Scanning electron micrograph image of MRSA bacteria (Janice Haney Carr, Centers for Disease Control and Prevention)

Researchers at Auburn University in Alabama and Keesler Air Force Base in Mississippi developed a bio-based sensor that can discriminate between strains of staph bacteria resistant and sensitive to antibiotics. The team led by Auburn veterinary medicine professor Vitaly Vodyanoy published its findings in the May 2013 issue of the online Journal of Visualized Experiments (institutional subscription required).

Staphylococcus bacteria can cause an irritating skin infection that is treatable with antibiotics, but subsequent mutations of the pathogen have made these later strains resistant to antibiotics. Patients with compromised immne systems are perhaps the most susceptible to complications from antibiotic-resistant infections in the lungs or respiratory system.

Staph bacteria resistant to antibiotics, known as methicillin resistant Staphylococcus aureus or MRSA have become a particular problem in health care facilities, particularly those operated by the military, where hygenic conditions cannot be guaranteed (The U.S. Air Force funded the study.). A 2011 report by the Centers for Disease Control and Prevention cites the growing publc health burden caused by some 90,000 invasive MRSA infections each year in the U.S.

Vodyanoy and colleagues devised a sensor to indicate the presence of MRSA bacteria using bacteriophages, which are viruses that invade bacterial cells and disrupt the bacteria’s metabolism. The bacteriophages in this research are benign to humans and placed on the sensor surface, which then bind to the bacteria. The sensor is also fitted with penicillin-binding protein antibody latex beads, which make it possible to discriminate between methicillin sensitive and resistant staph bacteria.

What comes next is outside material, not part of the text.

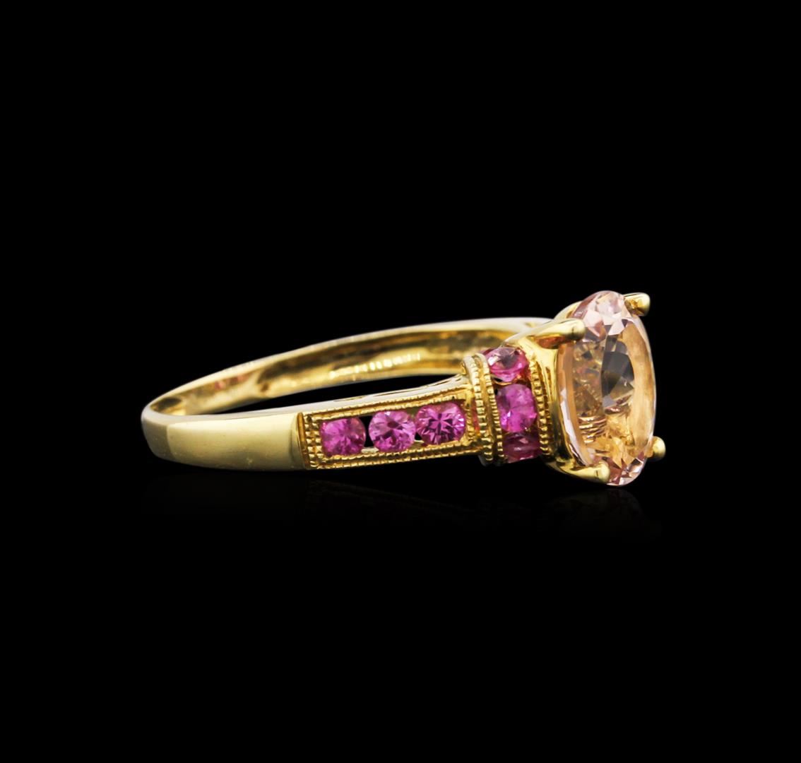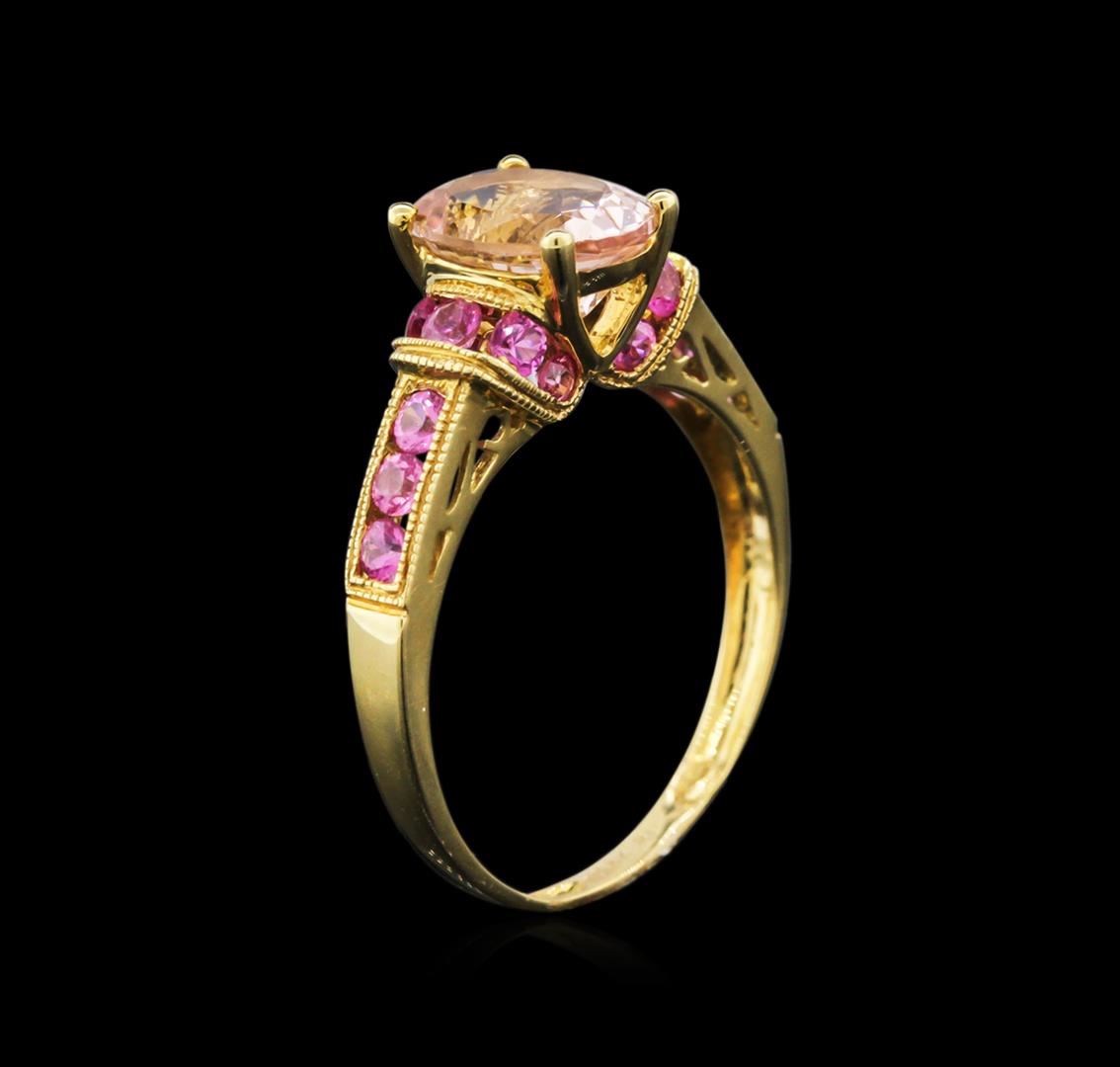One ring featuring: 18KT yellow gold weighing 2.78 grams containing one morganite center stone with a total weight of 1.66ct and 16 pink sapphires with a total weight of 0.70ct.

The sensor works by the bacteriophages, spiked with penicillin-binding protein, interacting with the suspect bacteria. Tests of the sensor showed the sensor could indicate the presence of staph bacteria, and through a change in color, discriminate between MRSA strains and those sensitive to antibiotics.

Vodyanoy notes that the Auburn-Keesler team’s sensor also works faster — 10 to 12 minutes — than current methods that can take hours.